Referring to FIGS. 1 and 2, a renal denervation system 10 according to the embodiment may include a catheter 110, a console 120, a renal denervation outcome evaluation device 130, a handle 140, and an injection unit 150.

The catheter 110 is connected to the console 120 through a cable CB and may include a plurality of electrodes 115 at the distal end 110a. This catheter 110 may be moved to a blood vessel (e.g., artery) connected to an organ (e.g., kidney or ureter).
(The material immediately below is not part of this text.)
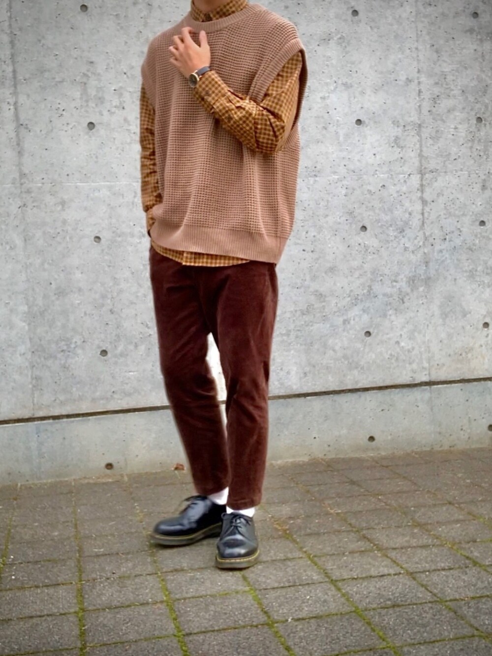 shin のニット/セーター「WEB限定BIGメンアサニットベスト(HARE)」を使ったコーディネート

In addition, when the plurality of electrodes 115 in the catheter 110 are located within a blood vessel V (for example, a renal artery), energy may be transmitted to the electrode 115 in contact with the wall of the blood vessel V according to the manipulation of the user or operator through the handle 140 (e.g., energy transfer that generates high temperature). In addition, nerves (hereinafter referred to as renal nerves) may be located outside the blood vessels along the arteries. Hereinafter, the lumen of the artery and renal artery will be partially illustrated and explained as shown in the drawings. Through this, energy may also be transmitted to nerves outside the wall of the blood vessel V that are connected to or adjacent to the wall of the blood vessel V. For example, heat energy transmitted through the plurality of electrodes 115 of the catheter 110 is transmitted to the outer or adjacent nerves (e.g., renal nerves) of the blood vessel V, and the renal denervation may occur due to the transmitted energy. Hereinafter, the description will be based on the assumption that renal denervation is performed by the above-described method.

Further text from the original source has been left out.